▸ **Information provided**:
********

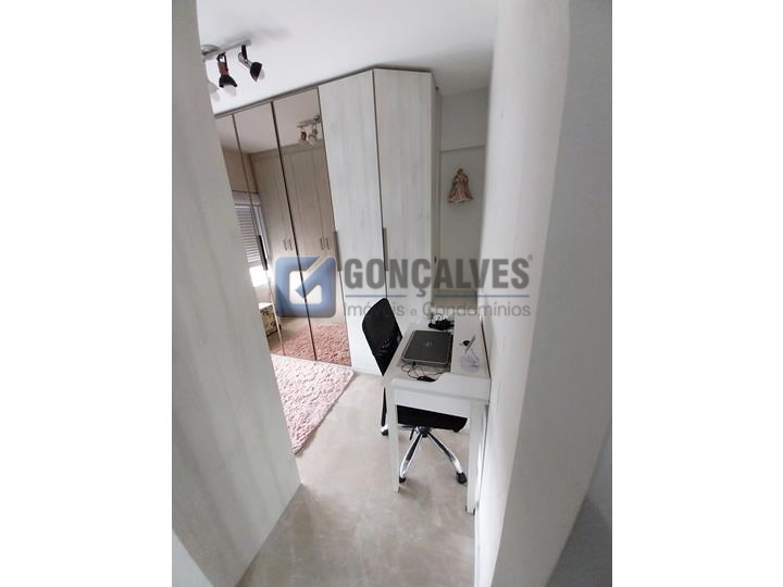 Venda: apartamento residencial com 3 quartos (1 suíte), 2 banheiros e 2 vagas de garagem em Osvaldo Cruz, São Caetano do Sul. Área interna de 73 m² com varanda gourmet, área de serviço e armários na cozinha e nos quartos. Infraestrutura completa com interfone, piscina, churrasqueira e playground.
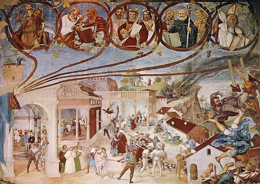 Wir bieten Ihnen eine handgefertigte Reproduktion auf Leinwand des berühmten Kunstwerks 'Stories von St. Barbara' von Lorenzo Lotto, aus dem Reproduktionsmuseum.
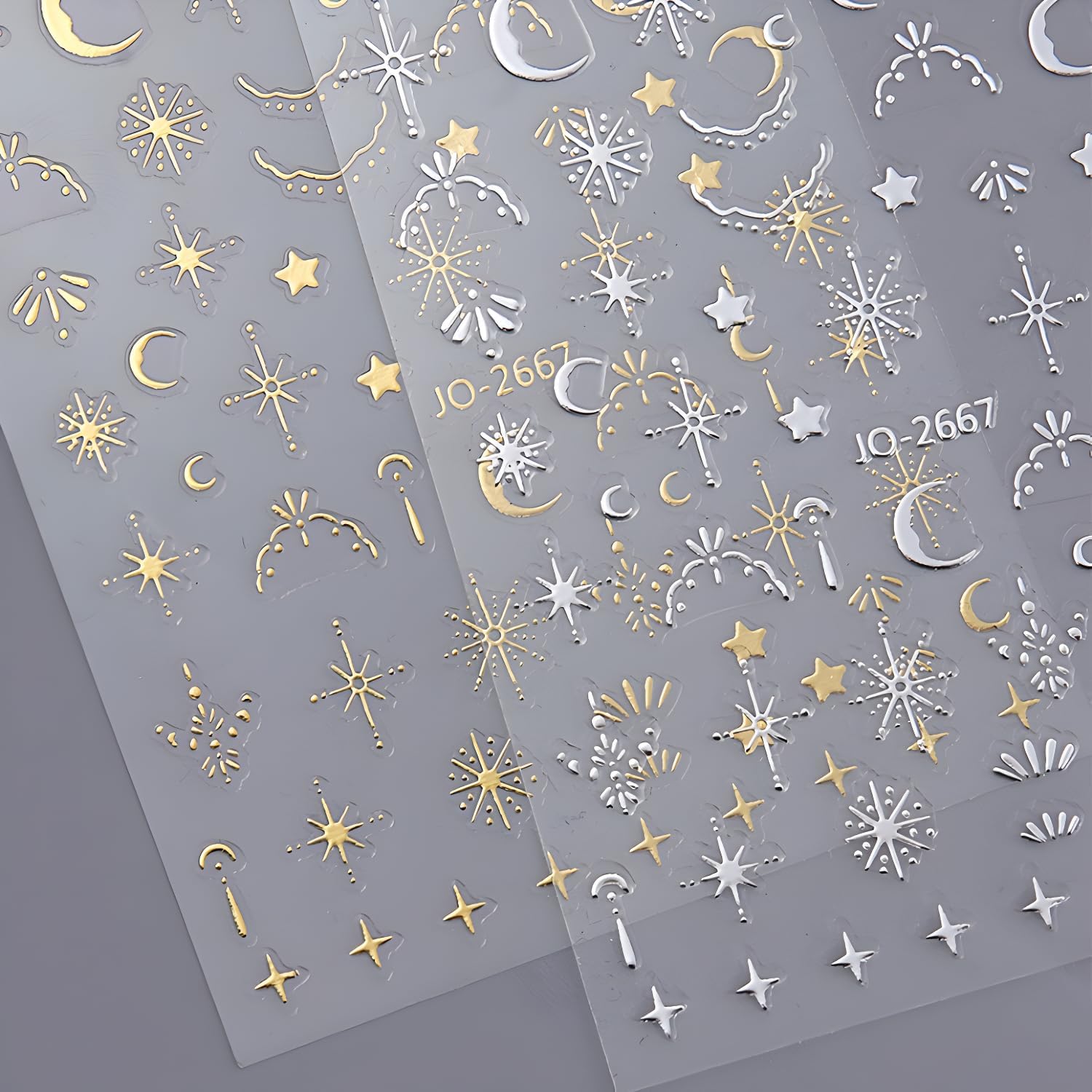 12 Sheets Silver Gold Moon Star Nail Art Stickers - 3D Self Adhesive Decals for Design and Decoration - Supplies Accessories for Women
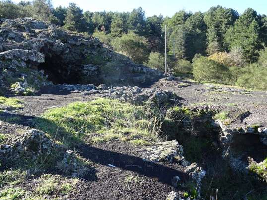 Als wir die Südseite des Ätna besuchten waren wir schon begeistert. Die Nordseite ist noch viel schöner, weil interessanter. Die Auffahrt nach Piano Provenzana beginnt in Linguaglossa. In vielen Serpentinen und oft großen Steigungen windet sich die Straße den Hang des Vulkans hinauf. Den ersten Stopp legten wir bei Rifugio Ragabo ein. Fünfzig Meter vor dem Parkplatz führt ein Fußweg rechts in den Wald, zur Grotta di Corruccio. Der Weg ist nur 250m weit. Am Ende steht man auf einem Lavatunnel. An zwei Stellen ist die Decke nur ein kleines Stück eingebrochen, so dass es aussieht, als wären das Eingänge zu Höhlen. Am Ende des Tunnels ist die Decke komplett verschwunden und eine Art Kanal führt talwärts. Die Aussicht von hier in Richtung Taormina und das Meer ist wunderschön.

********

▸ **Exercise goal**:
Write out each line again, exactly as it appears above, except for any picture.

▸ **Solution to this problem**:
 Venda: apartamento residencial com 3 quartos (1 suíte), 2 banheiros e 2 vagas de garagem em Osvaldo Cruz, São Caetano do Sul. Área interna de 73 m² com varanda gourmet, área de serviço e armários na cozinha e nos quartos. Infraestrutura completa com interfone, piscina, churrasqueira e playground.
 Wir bieten Ihnen eine handgefertigte Reproduktion auf Leinwand des berühmten Kunstwerks 'Stories von St. Barbara' von Lorenzo Lotto, aus dem Reproduktionsmuseum.
 12 Sheets Silver Gold Moon Star Nail Art Stickers - 3D Self Adhesive Decals for Design and Decoration - Supplies Accessories for Women
 Als wir die Südseite des Ätna besuchten waren wir schon begeistert. Die Nordseite ist noch viel schöner, weil interessanter. Die Auffahrt nach Piano Provenzana beginnt in Linguaglossa. In vielen Serpentinen und oft großen Steigungen windet sich die Straße den Hang des Vulkans hinauf. Den ersten Stopp legten wir bei Rifugio Ragabo ein. Fünfzig Meter vor dem Parkplatz führt ein Fußweg rechts in den Wald, zur Grotta di Corruccio. Der Weg ist nur 250m weit. Am Ende steht man auf einem Lavatunnel. An zwei Stellen ist die Decke nur ein kleines Stück eingebrochen, so dass es aussieht, als wären das Eingänge zu Höhlen. Am Ende des Tunnels ist die Decke komplett verschwunden und eine Art Kanal führt talwärts. Die Aussicht von hier in Richtung Taormina und das Meer ist wunderschön.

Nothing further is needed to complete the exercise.